Музыка танго будоражила мою душу, но мысли, встревоженные событием возможной встречи с тобой, здесь, на концерте музыки Пьяццоллы, под которую сплетались наши тела и радость танца любви поднимала нас до облаков в прямом и переносном смысле (мы ведь заняли тогда первое место на конкурсе в Москве), не давали мне отдать душу звукам мелодии. Рядом сидела Майка и поминутно спрашивала меня, что такое со мной?
Никакие прогнозы и планы: что я скажу тебе? что ты скажешь мне? что я скажу Майке и как? не складывались в хоть какую-нибудь стройную форму, и я приказала себе не думать больше об этом, но мое сердце не слушалось никаких приказов и мысли уносили меня в прошлое.

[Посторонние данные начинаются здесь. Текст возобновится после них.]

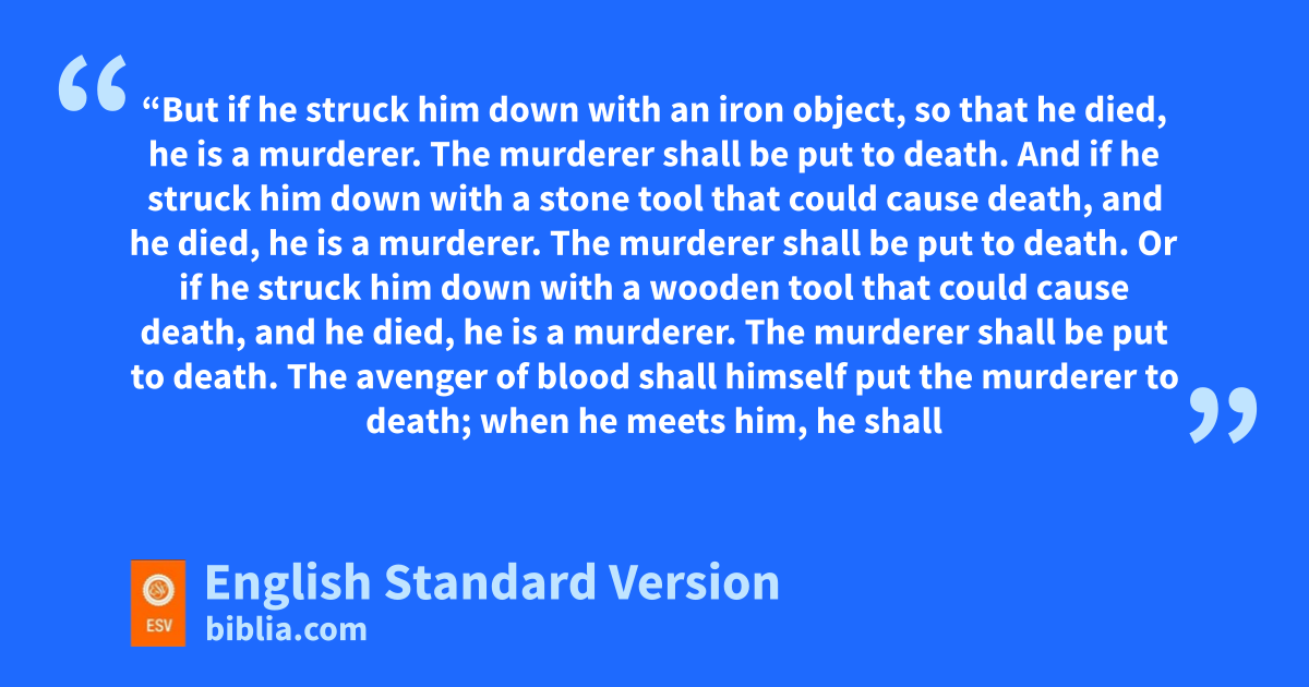 16 d“But if he struck him down with an iron object, so that he died, he is a murderer. The murderer shall be put to death. 17 And if he struck him down with a stone tool that could cause death, and he died, he is a murderer. The murderer shall be put to death. 18 Or if he struck him down with a wooden tool that could cause death, and he died, he is a murderer. The murderer shall be put to death. 19 eThe avenger of blood shall himself put the murderer to death; when he meets him, he shall put him to death. 20 And if he pushed him out of hatred or hurled something at him, flying in wait, so that he died, 21 or in enmity struck him down with his hand, so that he died, then he who struck the blow shall be put to death. He is a murderer. eThe avenger of blood shall put the murderer to death when he meets him.

Объявили антракт. Сквозь мелькавших перед глазами людей я увидела, как ты встал и стремительно направился к выходу. Я, было, открыла рот, чтобы подготовить Майку к непростому и очень важному событию, но потом закрыла его и решила чуточку подождать. Как это оказалось мудро: закрыть рот и чуточку подождать…

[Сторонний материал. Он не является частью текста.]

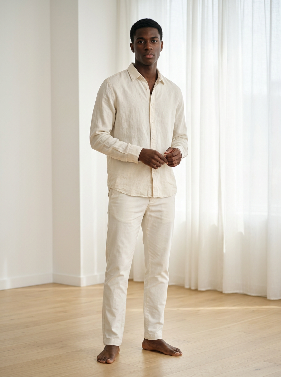 model wearing cream linen shirt and off-white chinos, soft airy textures, ethereal off-white tones, clean minimalist styling, soft diffused natural lighting

Видимо, судьба передумала делать подарок мужчине сегодня. Быть может, она решит сделать его завтра? Это никому не известно. Как противно покалывает в сердце. Жаль, нет с собой валосердина. Казалось до откровения остался один миг, подтасованный судьбой, ан нет. Судьба еще не наигралась с моей жизнью… «… Судьба, судьбы, судьбе, судьбою о судьбе…» – Булат Окуджава.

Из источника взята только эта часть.